Fransa’da neler okuduk?
Kısaca söylersem Mesnevi okumalarımız ve onun üzerine sohbetlerimiz hep devam etti ve halen etmektedir. Tefsir ve Hadis hep elimizin altında. Bunun yanında her dönem mutlaka bir “Akaid” kitabı okuduk. İbni Arabi’yi yalnız okumaya başladım. Hele “Füsüsü’l Hikem” adlı eserini okudukça doyamadım. Her öğretmenin onunla birlikte mutlaka Mesnevi okumasını arzu ediyorum. Bu topraklarda yaşayıp, bu topraklarda öğretmenlik yapan herkesin Mesnevi, Füsüs’ül Hikem, Mantk’el Tayr (Kuşların Dili) adlı eserleri okumayan herkes eğitimde eksiktir diye düşünüyorum.

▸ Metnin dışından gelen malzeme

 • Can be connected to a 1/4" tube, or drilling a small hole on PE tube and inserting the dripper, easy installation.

“Keskin düşünceler” içeren bunca eserin yanında elbette Doğu- Batı klasiklerini de okuduk. Yaş ilerledikçe gönül daha bir devreye giriyor. Batılı bir düşünürün (Bernard Shav olsa gerek) bir sözü vardır, der ki: “Otuz beş yaşına kadar sosyalist olmayanın aklından, otuz beşinden sonra da sosyalist olanın kalbinden şüphe ederim.”

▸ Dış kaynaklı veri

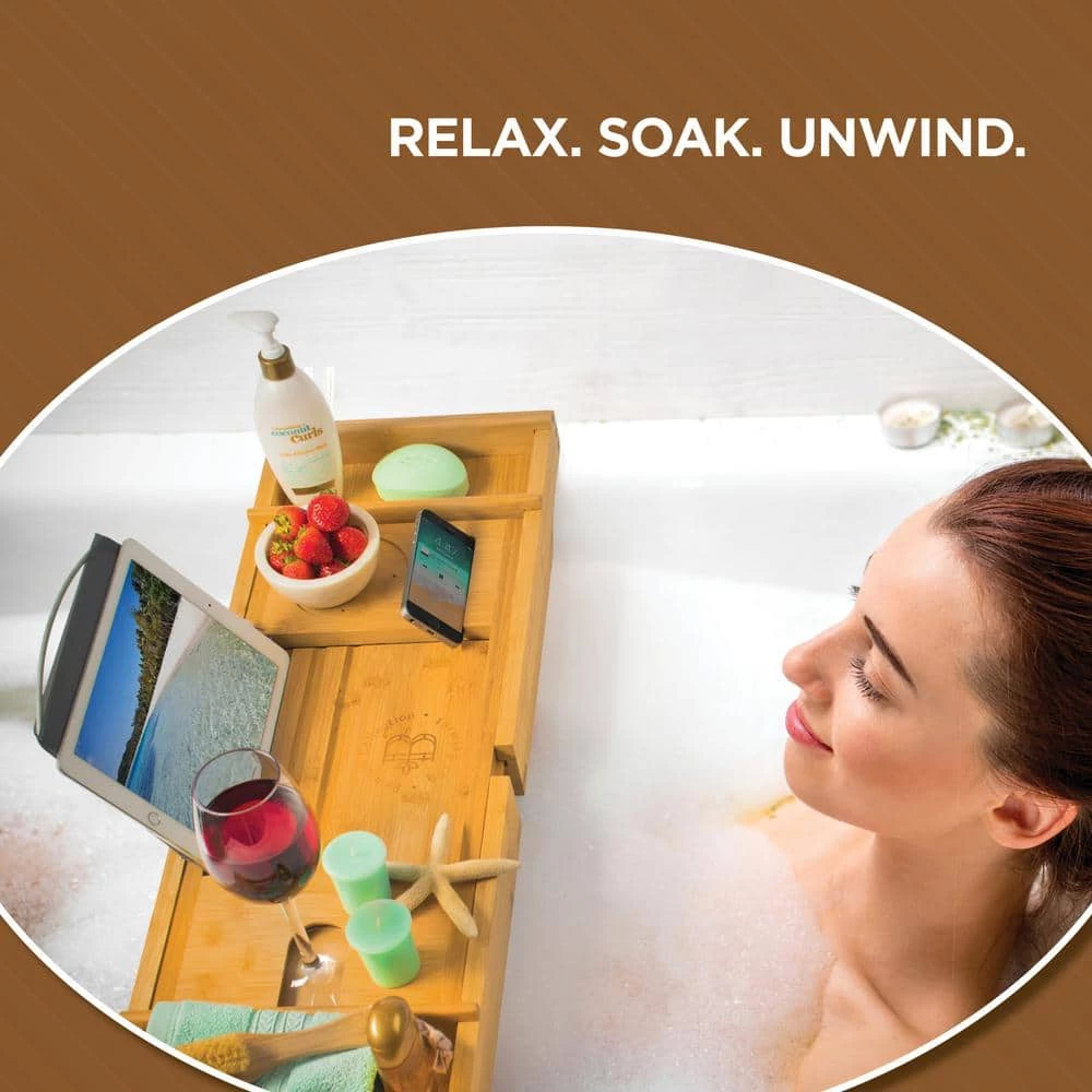 - Let the relaxing begin – this wooden bathtub caddy makes you stay longer unwinding and relaxing in the bath, modern bathtubs don’t provide much space to bring all your favorites with you, with Bambsi bathtub tray, you can soak in hot water and be worriless about your phone or iPad dropping into the water to unwind during the weekend or after a long day at work

Çok kısa olarak ve bir kuşbakışıyla, okuyucularımı geçmişe götürmeye çalıştım. Özel bir hayat belki,ama o dönemi yaşayan akranlarımdan bu hayata benzer hayatı yaşayanları biliyorum. Ne yazık ki, zaman zaman onların evlerine gittiğimde, o dönemlerde yayınlanan kitapların birçoğu, bu arkadaşlarımızın kütüphanelerini süslüyor, fakat sanki sonraki yıllar yaşanmamış gibi, kütüphanelerinde yeni kitaplar yok.
Elbette herkes okumayacak. Aslolan imanla dünyadan göçmektir. Bunu başarırsak, dünyada yaşadıklarımızın da bir anlamı olur. Gerisi mi, bir sürü vehim!